What is the priority concern for this patient?

The priority concern for this patient is the lowering of the blood sugar level in their body. This patient cannot afford a refill of the drugs he needs for managing his diabetic condition. He also consumed food high in sugar (sweet tea). These factors combine to put his life in danger by promoting a build-up of sugar in his body (Alam et al. 2018). The sugar build-up causes the kidney to overwork, and the other organs are at a risk of shutting down following the increased blood pressure. Lowering the sugar level would ultimately cause a reduction in a majority of the symptoms that the patient is presented with.

 How does this patient’s comorbid diagnosis impact his current symptoms?

The patient comorbidity is first seen in the lifestyle choice that he makes. Consuming sweet tea contributes in making the blood sugar go even higher in addition to his lack of sugar reducing drugs. The CAD history and history with HTN  impacts on the treatment that the patient ought to get with regard to the high blood pressure and high heart rate that the patient shows. They make the management of these conditions essential. Above all, the DM history makes the reduction of sugar level a paramount undertaking. With this blood sugar high, the patient’s life is in danger.

Discuss how the patient’s health beliefs, culture and behaviours impact the potential outcomes for the patient.
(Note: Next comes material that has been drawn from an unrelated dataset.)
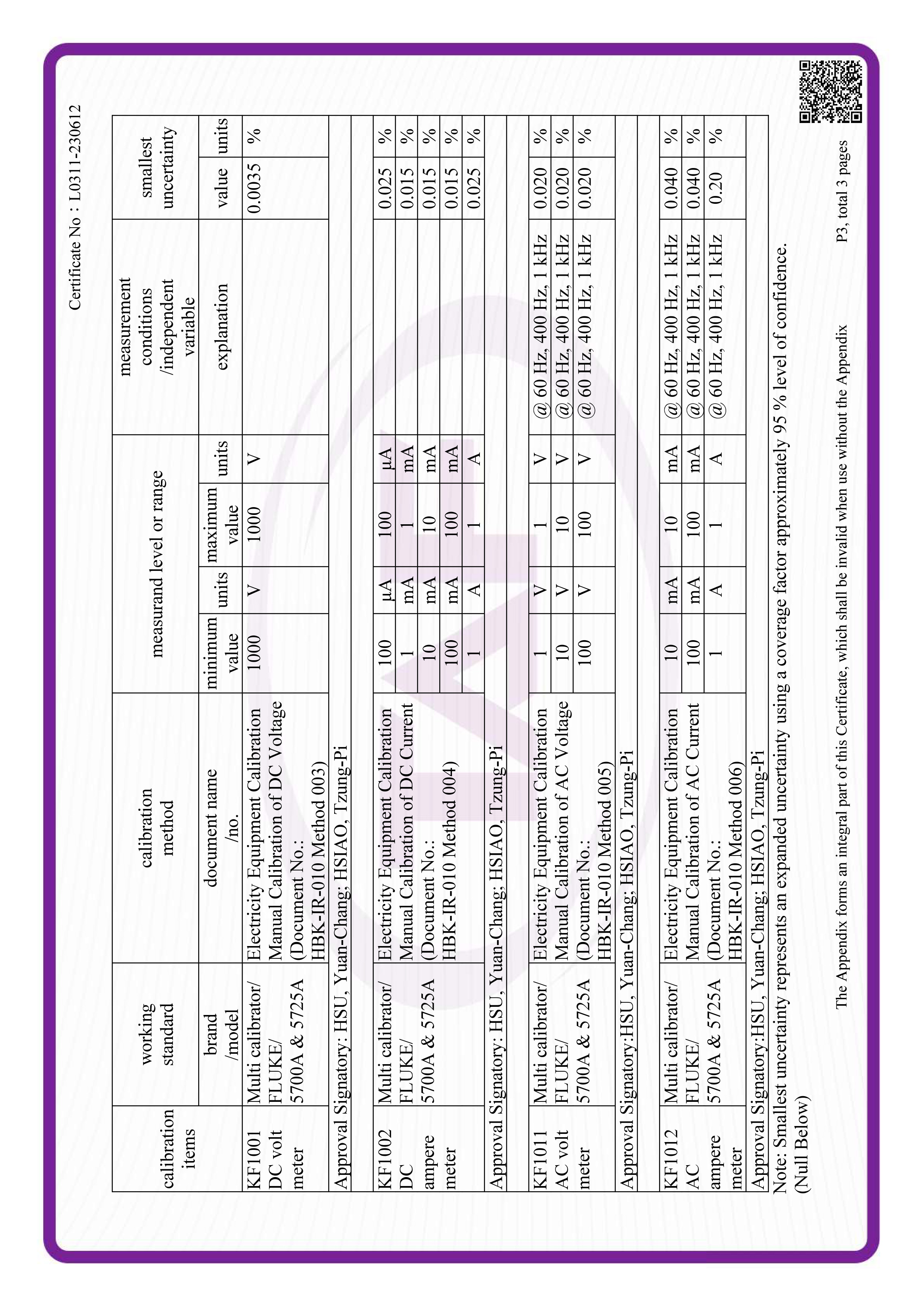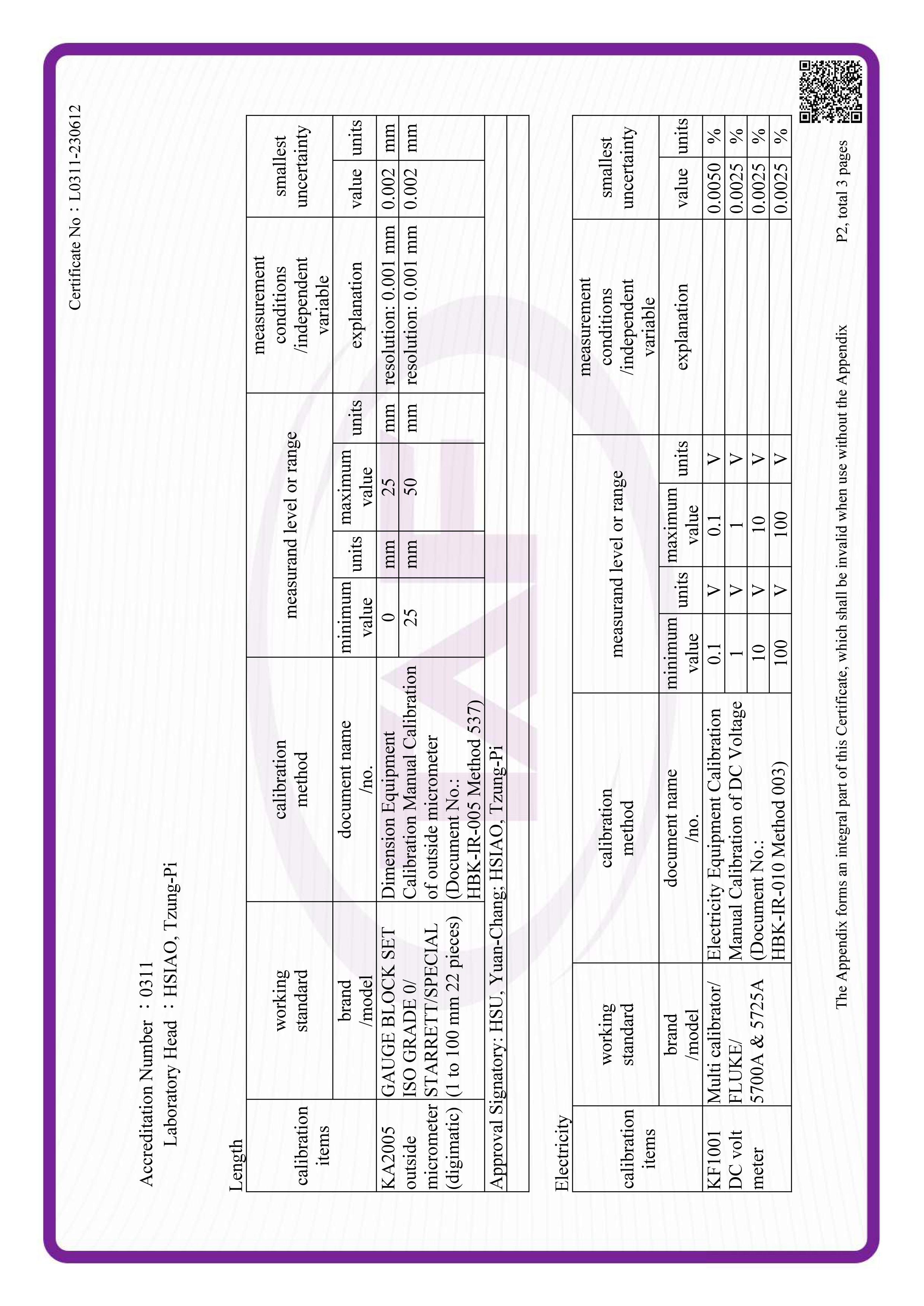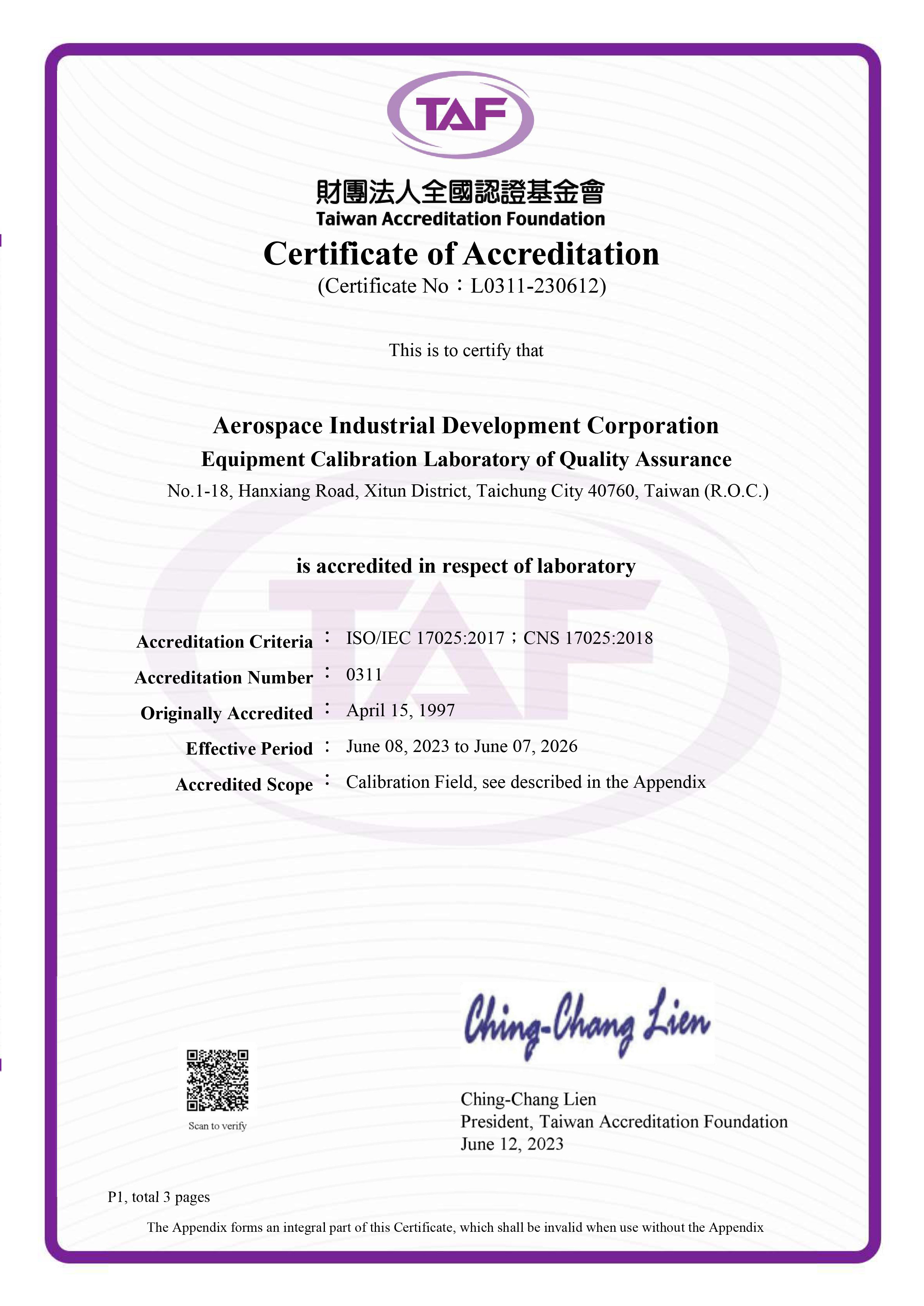 SO/IEC 17025 Quality system is used in calibration laboratory and calibration standard is traceable to national or international standard. Provide the best accuracy and the fastest calibration service with high quality that have been approved by aerospace industrial company in America or Europe. Calibration capability: dimension meter, countersink gage, surface roughness meter, indicator, caliper, cylinder or plug gage, thickness gage, micrometer, level, transit, collimator, height gage, ultrasonic thickness meter, viscosity cup, force gage, weight scale, torque wrench, torque meter, air pressure gage, hydraulic pressure gage, pressure transducer, temperature gage, temperature controller, heat treatment furnace, multi-meters, etc.

The patient presented in this case study has no information on the beliefs or culture that may affect the outcomes that the patient gets. However, one of the behaviours that this patient does is a lifestyle choice, and this choice to eat sweet foods greatly affects their sugar balance. The patient has a history of DM, and still he goes ahead to consume foods rich in sugar. This blatant disregard negatively affects their health.

There are cultures that prefer the traditional methods of treatment as opposed to the Western medicine. These cultures determine how willing the people there are to cooperate with health officials to execute health plans. Cultural and religious beliefs shape the acceptance of some treatment methods among a particular people. Some cultures for example base their diagnoses on witchcraft and other misconceptions. Such influence the success of treatment methods.


Alam, F., Islam, M. A., Kamal, M. A., & Gan, S. H. (2018). Updates on managing type 2 diabetes mellitus with natural products: towards antidiabetic drug development. Current medicinal chemistry, 25(39), 5395-5431.

Evans, M., Ceriello, A., Danne, T., De Block, C., DeVries, J. H., Lind, M., … & Wilmot, E. G. (2019). Use of fast‐acting insulin aspart in insulin pump therapy in clinical practice. Diabetes, Obesity and Metabolism, 21(9), 2039-2047.

Jones, P. J., Ma, R., & McNally, R. J. (2019). Bridge centrality: A network approach to understanding comorbidity. Multivariate Behavioral Research, 1-15.

Song, K., Chang, S., Lee, J., Shin, S. A., & Lee, H. Y. (2018). Clinical characteristics of dizziness associated with acute peripheral facial palsy. Journal of audiology & otology, 22(3), 148.